Del vero e del falso
Sul vero e sul falso l’uomo si è interrogato da sempre (un “sempre” inteso con le pinze del buon senso e della documentazione disponibile sull’evoluzione cognitiva del primate umano).
Gli scolastici (Tommaso, Bonaventura, etc.) affermavano che la scienza stessa (intesa come epistème, cioè sapere strutturato concernente tutte le realtà naturali e umane) altro non è che una “conoscenza certa (oggettivamente) ed evidente (soggettivamente) in base al suo perché proprio, adeguato e prossimo“.
La verità è stata solitamente distinta dalla certezza come l’oggettivo dal soggettivo. Nella storia del pensiero occidentale la ricerca della verità è appartenuta alla filosofia come meta-sapere, almeno fino alla rivoluzione cartesiano-galileiana, che ne ha segnato una separazione sempre più netta dalle scienze sperimentali, improntate al try and error.
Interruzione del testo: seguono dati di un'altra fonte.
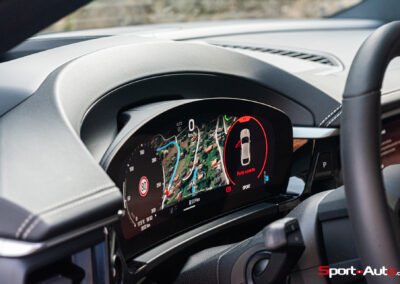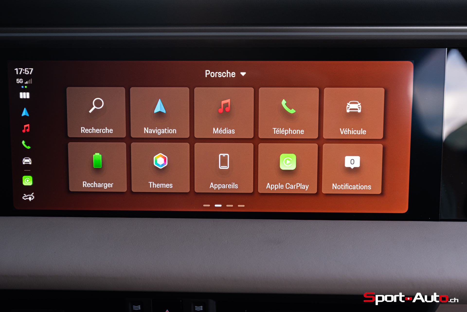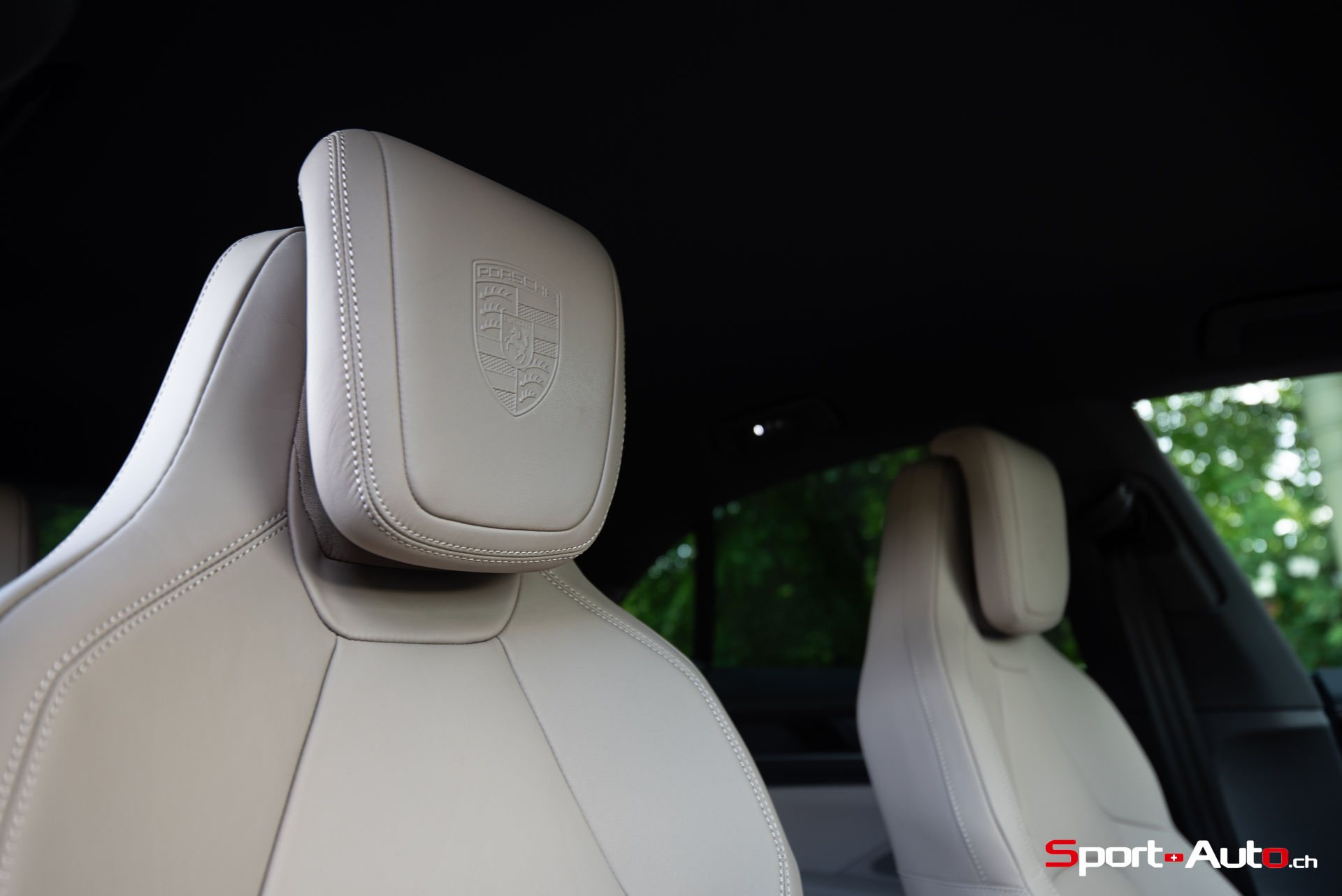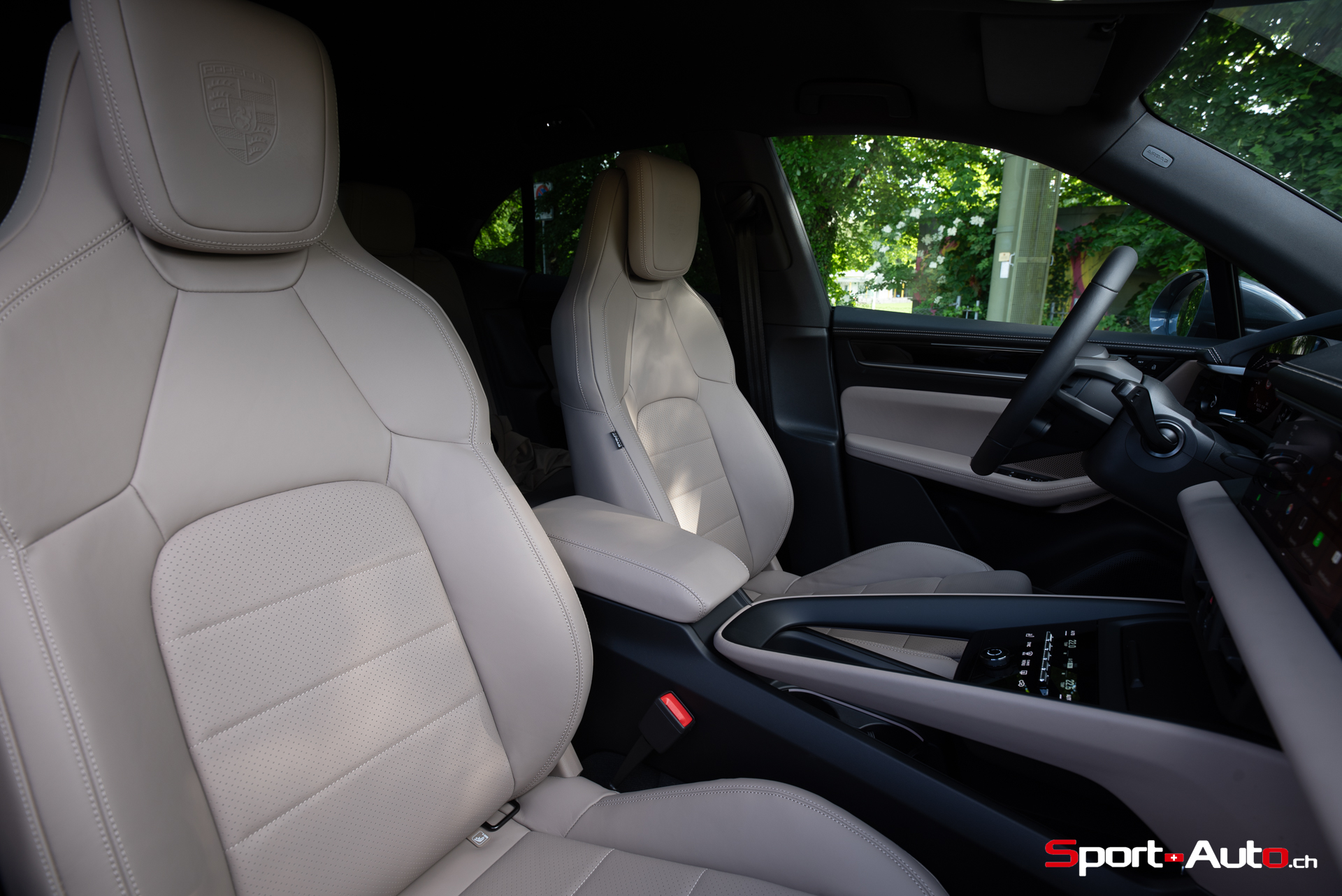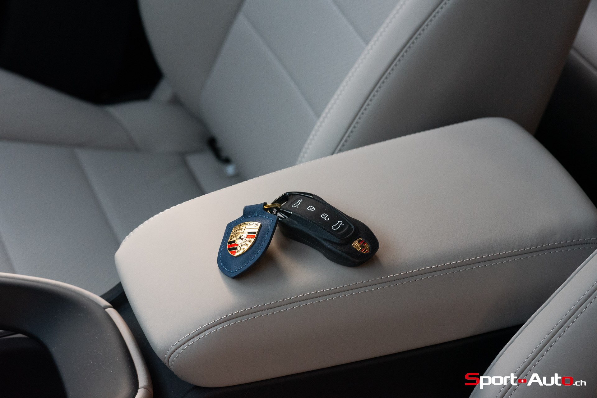 Dans notre configuration d’essai, la teinte exclusive Gris Ardoise Néo (CHF 3’530.-) souligne ses galbes musclés. Les jantes Offroad Design de 21 pouces peintes en gris Vésuve (CHF 3’290.-) apportent une touche de robustesse sans nuire à l’élégance générale. Les contours des vitres latérales en noir brillant (CHF 250.-), ainsi que le lettrage noir (CHF 300.-), ajoutent une signature discrètement sportive à l’ensemble. Un style à la fois familier et modernisé, fidèle à l’identité Porsche. Côté pratique, son coffre arrière de 540 litres (1’348 litres avec sièges arrière rabattus) offre un volume supérieur à la génération précédente. Il est complété par un coffre avant de 84 litres, idéal pour y loger les câbles de recharge.

La verità intesa come rappresentazione dell’essere-delle-cose è stata allora messa in discussione, dal cogito di Descartes (penso, dunque sono, e ciò che ne segue) e fino a Kant che ammette e dà plausibilità alla sola conoscenza della verità fenomenica: “il mondo e la realtà delle cose sono meramente ciò che mi appare, perché ciò che è in sé è inconoscibile” (noùmeno). Hegel ne propose poi una versione radicale con la fusione della realtà come verità di ciò che può venire pensato (soggettivismo idealista).
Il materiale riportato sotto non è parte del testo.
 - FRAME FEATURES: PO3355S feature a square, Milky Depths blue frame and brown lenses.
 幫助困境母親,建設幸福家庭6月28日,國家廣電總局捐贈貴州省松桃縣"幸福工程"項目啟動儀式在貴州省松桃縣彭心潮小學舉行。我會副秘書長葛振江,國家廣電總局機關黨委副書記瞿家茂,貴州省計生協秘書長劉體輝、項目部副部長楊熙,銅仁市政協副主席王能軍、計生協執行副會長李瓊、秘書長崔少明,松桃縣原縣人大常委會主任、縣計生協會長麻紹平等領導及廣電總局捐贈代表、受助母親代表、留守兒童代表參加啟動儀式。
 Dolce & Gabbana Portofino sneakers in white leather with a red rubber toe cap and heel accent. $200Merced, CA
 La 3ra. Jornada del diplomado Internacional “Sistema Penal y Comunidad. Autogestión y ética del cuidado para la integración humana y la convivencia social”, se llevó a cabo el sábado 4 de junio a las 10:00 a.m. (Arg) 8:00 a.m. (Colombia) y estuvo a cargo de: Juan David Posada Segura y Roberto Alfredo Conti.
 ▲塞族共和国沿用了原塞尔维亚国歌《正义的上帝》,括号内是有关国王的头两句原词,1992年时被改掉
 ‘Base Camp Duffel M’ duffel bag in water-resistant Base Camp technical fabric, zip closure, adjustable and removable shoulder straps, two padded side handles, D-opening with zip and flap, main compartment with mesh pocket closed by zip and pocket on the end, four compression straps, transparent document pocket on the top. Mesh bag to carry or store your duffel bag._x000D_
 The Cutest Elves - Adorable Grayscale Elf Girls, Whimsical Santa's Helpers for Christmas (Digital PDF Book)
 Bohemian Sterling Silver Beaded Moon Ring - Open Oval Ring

Nel secolo scorso pensatori come Theodor W. Adorno, su un versante più freudiano-marxiano (cf. in Minima Moralia) e Karl Popper hanno approfondito i tema della verità e della sua falsificazione, riprendendo l’antico asserto socratico del “sapere di non sapere”. Se Adorno, sulle tracce del pensiero ideal-marxiano e psicanalitico conservava una sorta di allure ottimistica circa le possibilità del soggetto di pensare la verità, Popper, neo-socratico faceva due affermazioni radicali: a) “Noi umani sappiamo una quantità di cose che ci consentono una profonda penetrazione teorica e una sorprendentemente elevata comprensione del mondo” e, di contro, dialetticamente, b) “la nostra ignoranza è illimitata e tale da toglierci ogni illusione“.
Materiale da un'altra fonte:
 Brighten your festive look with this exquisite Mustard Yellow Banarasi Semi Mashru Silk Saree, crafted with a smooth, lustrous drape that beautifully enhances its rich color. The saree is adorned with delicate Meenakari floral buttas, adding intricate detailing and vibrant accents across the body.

Che voleva dire? Più o meno ciò che anch’io (chi mi conosce lo sa) ripeto spesso: che la conoscenza e la ricerca della verità sono un’opera infinita (senza fine), poiché mentre conosco ciò che scopro della natura delle cose e dell’uomo stesso, colgo l’abisso di non conoscenza seguente, che appare progressivamente mentre conosco quel poco di accessibile della verità delle cose. Quanto e come posso sbagliarmi sempre! Come la realtà non è matematizzabile! Non posso mai dire che un essere umano è per il 20% negativo e per l’80% positivo, o viceversa, come qualcuno erroneamente pensa. Vi è sempre qualcosa o molto che sfugge, stando nel non-detto, nell’abilità dissimulatoria, nel progredire evolutivo delle cose. Ancora Popper “a ogni passo in avanti che facciamo, a ogni problema che risolviamo, non scopriamo solo problemi nuovi e insoluti, ma scopriamo che anche là dove pensavamo di trovarci su un terreno stabile e sicuro, in realtà tutto è incerto e precario“.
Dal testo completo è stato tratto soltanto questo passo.